24 Days of R: Day 15
Over the course of the next few days, I'm going to try to find enough time to build up a reasonably simple simulation of insurance exposure and claims. I'll be taking a hierarchical view of the underlying process. As with pretty much everything that I write about, I'm writing about it as I'm learning about it. It was only last year that I first started getting familiar with the Andrew Gelman and Jennifer Hill text, which is a fantastic book. Over the time that I've had the book, I've peruse it, but have not yet really gotten my hands dirty with it in practice.
I'm going to look at a claim count generation process where the number of claims is Poisson distributed. The Poisson parameter will be keyed to exposure at a later stage, but for now, we'll assume a constant level of exposure. I'll presume that I'm looking at the business of a national insurance carrier, based in the United States, which experiences claims in all of the 50 states and DC. As a first step, I'll assume a two level hierarchy. There is a “national” distribution of lambda parameters and each state has its own distribution, which is based on a random draw from the national distribution.
Again drawing inspiration from Jim Albert's book Bayesian Computation with R, I'll assume that the national parameter is taken as a random draw from a gamma. An expected value of ten claims per year seems interesting enough. As for the variance, I'd like a 10% chance that lambda is greater than 25. This time, I'll not be lazy and will use the optim
function to determine that scale parameter which will give me this distribution. I'm using a slightly ham-fisted objective function wherein I combine two constraints.
fff = function(pars) { shape = pars[1] scale = pars[2] y = abs(25 - qgamma(0.9, shape = shape, scale = scale)) z = abs(10 - shape * scale) y + z } pars = optim(par = list(shape = 10, scale = 2), fff) ## Warning: NaNs produced scale = pars$par["scale"] shape = pars$par["shape"] x = seq(from = 0, to = 50, length.out = 250) y = dgamma(x, shape, scale = scale) plot(x, y, pch = 19)
# shape * scale qgamma(0.9, shape = shape, scale = scale)

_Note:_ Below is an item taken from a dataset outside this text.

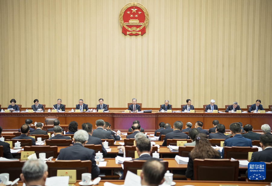 ??4月23日上午,十四屆全國(guó)人大常委會(huì)第九次會(huì)議在北京人民大會(huì)堂舉行第一次全體會(huì)議。趙樂(lè)際委員長(zhǎng)主持。新華社記者 李濤 攝

Functions without a mode make me nervous, but I suppose that's the price to pay for this level of variance. Given this function, I'll generate 51 lambdas for the second level of the simulation.

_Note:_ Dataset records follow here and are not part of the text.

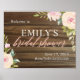 Personalized bridal shower welcome sign featuring pink watercolor flowers and a faux wood texture background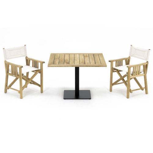 The refined luxuriousness of this teak bistro set has durability but also elegance in mind. Invite your guests to join you all season at your outdoor or indoor teak set to celebrate, entertain or just relax. The Teak Director Chair is portable, lightweight and versatile. It folds easily for storage. Excellent for those with minimal space, such as yacht and boat owners or high rise apartments. The Director Chair brings its own splash of color in its sling, made with premium Sunbrella fabric, and provides incomparable comfort.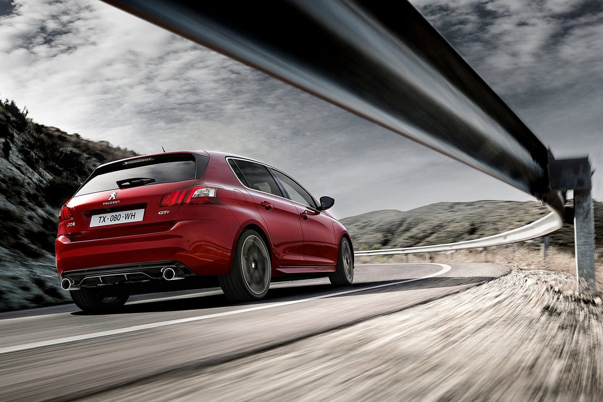 Внутри «заряженную» версию 308-го выдают спортивные сиденья, отделка салона черной кожей с красной прострочкой, металлические вставки в панелях интерьера, а также руль и рычаг коробки передач специального дизайна.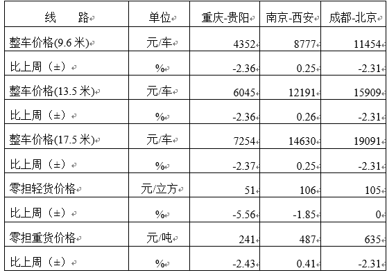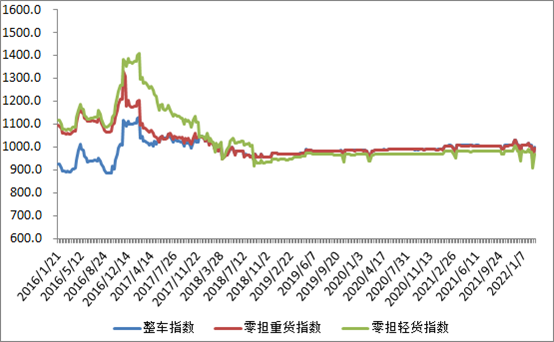 分车型看,各车型指数环比较快回升。其中,整车指数为998.56点,比上上周回升6.31%;零担轻货指数为969.66点,比上上周回升6.64%;零担重货指数为997.44点,比上上周回升6.34%。

numStates = 51 set.seed(1234) lambdas = rgamma(numStates, shape = shape, scale = scale) x = 1:numStates y = lambdas plot(x, y, pch = 19)
Cool. Loads of variation from 0.0282 to 60.6984. Note that these are just parameters. The actual claims numbers will be random realizations of Poisson distributions. So what sort of claims do we seen in a particular year?

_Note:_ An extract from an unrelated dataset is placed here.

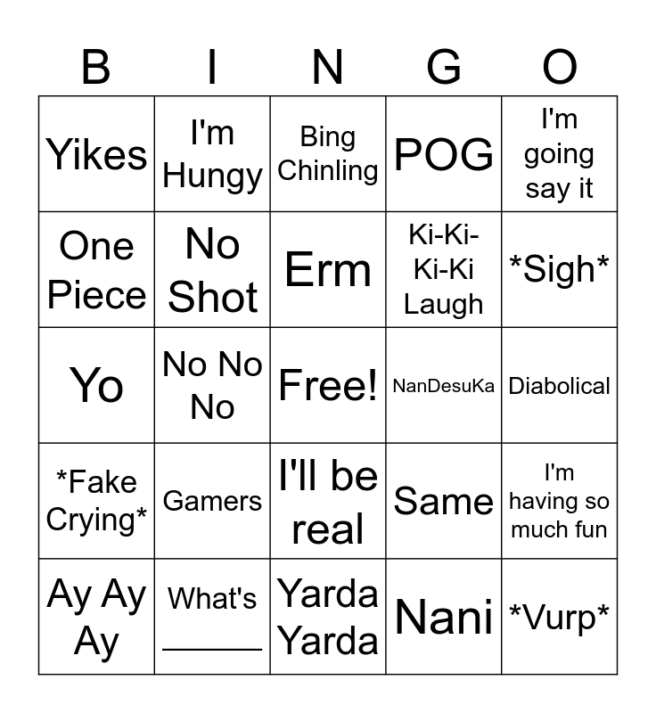 This bingo card has a free space and 25 words: Gamers, Yarda Yarda, Erm, Ay Ay Ay, I'm going say it, Yikes, One Piece, I'm Hungy, NanDesuKa, I'll be real, Ki-Ki-Ki-Ki Laugh, Yo, Same, I'm having so much fun, No Shot, Arigato Goziamasu, Diabolical, Bing Chinling, *Sigh*, No No No, *Vurp*, What's ______, *Fake Crying*, POG and Nani.

numClaims = rpois(numStates, lambdas) plot(numClaims, pch = 19)
par(mfrow = c(1, 1)) plot(lambdas, pch = 19, ylim = c(0, 70)) points(numClaims, pch = 19, ylim = 70, col = "red")
Very close to the expectation. The interesting thing is that if I were to look at these claims, I would assume that most came from different distributions. Particularly the states which produce large lambdas. It would be reasonable to assume that there are loss characteristics which are the result of particular dynamics in that state. But this assumption would be wrong. It's possible to continue this at many finer levels of detail and I'll do so. Tomorrow.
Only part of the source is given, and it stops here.